Esa noche, el vecindario estaba extrañamente silencioso. Algo había pasado. Tito, su compañero, murmuraba algo sobre un coche ensangrentado, un "lío de mafiosos", y una casa con olor a cloro y miedo.

En Vista Verde, frente a una casita blanca con jardín sin podar, Melo vio una bolsa de traje de alta gama sobre la acera.
Instinto basurero. La abrió.

Un Armani gris, aún tibio de cuerpo. En la solapa, enganchado con un alfiler oxidado:
un boleto de carreras.

Caballo: Bloody Moonshine
Carrera: Séptima del día
Monto: $5
Ganancia potencial: $325

Melo sonrió con cinismo.

-Otro pobre idiota que apostó al diablo y no lo contó.

Guardó el boleto por inercia. No por esperanza. Los basureros no creen en milagros. Solo en turnos y descanso.

Horas después, ya con el turno cumplido y el alma en piloto automático, Melo pasó por un kiosco. Un televisor viejo colgaba de la pared, sintonizando el canal hípico.

—“Y el ganador de la séptima, en un final de infarto… Bloody Moonshine, número 3, paga 65 a 1…”
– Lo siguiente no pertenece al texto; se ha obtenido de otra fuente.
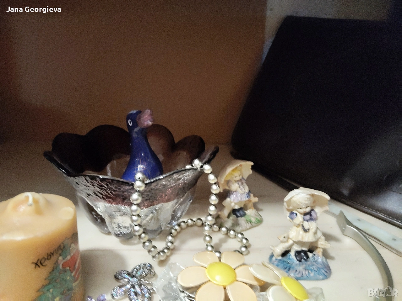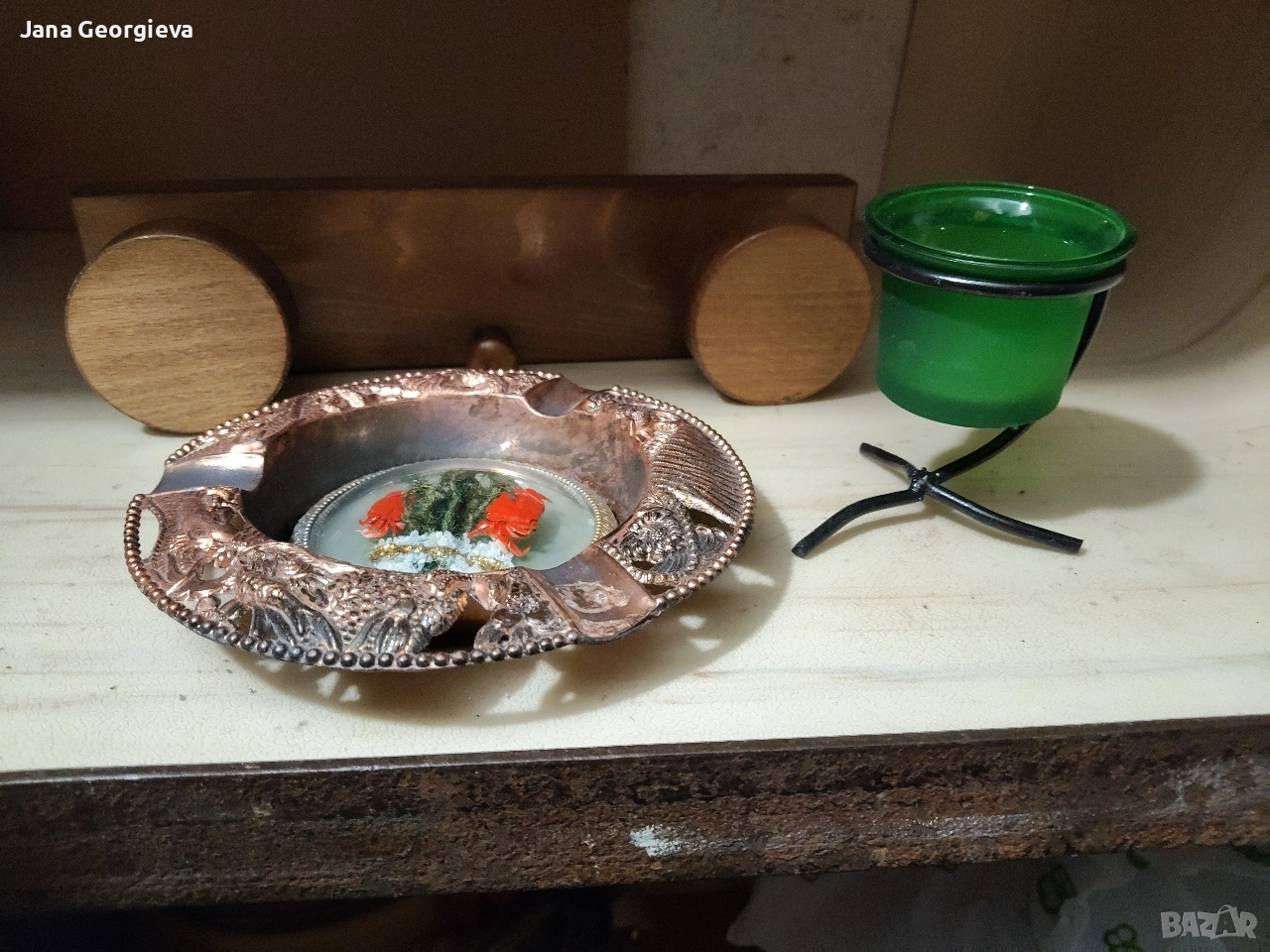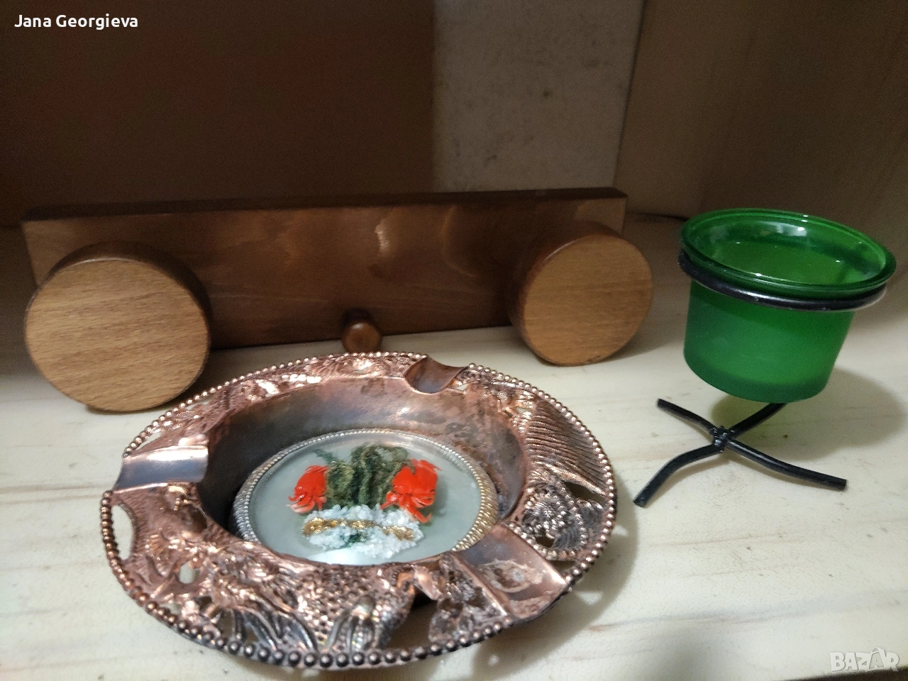 Всяка снимка е по 10евро. Пепелник, закачалка и свещник. Фотоапарат. Стъклена купа украшения и гердан.

Silencio.Sudor.Mano al bolsillo.
El boleto. El maldito boleto.

Melo salió corriendo como si lo persiguiera el KGB, el karma y todos los chihuahuas del barrio.
Corrió con el uniforme sucio, los zapatos gastados, y una luz nueva en los ojos.

—¡Cholo, nos vamos de aquí, carajo! —gritó al llegar a su caravana.

El perro ladró. O al menos se lo imaginó.

Días después, Melo apareció en la taquería “El Güero” con una sonrisa de otro mundo y billetes nuevos. Invitó a todos. Hasta al Pastor Ramírez, que esa vez bendijo la salsa verde como “milagrosa”.

Willy el Tuerto alzó su lata y dijo:

—Mira tú… el basurero que recogió el boleto del cielo.

Tía Marcia sonrió y entonó una versión borracha de “Ain’t No Sunshine”.
Melo no dijo nada.

Porque algunos hombres solo necesitan una noche de mierda, un barrio que huele a olvido, y un boleto en la solapa de un muerto para empezar de nuevo.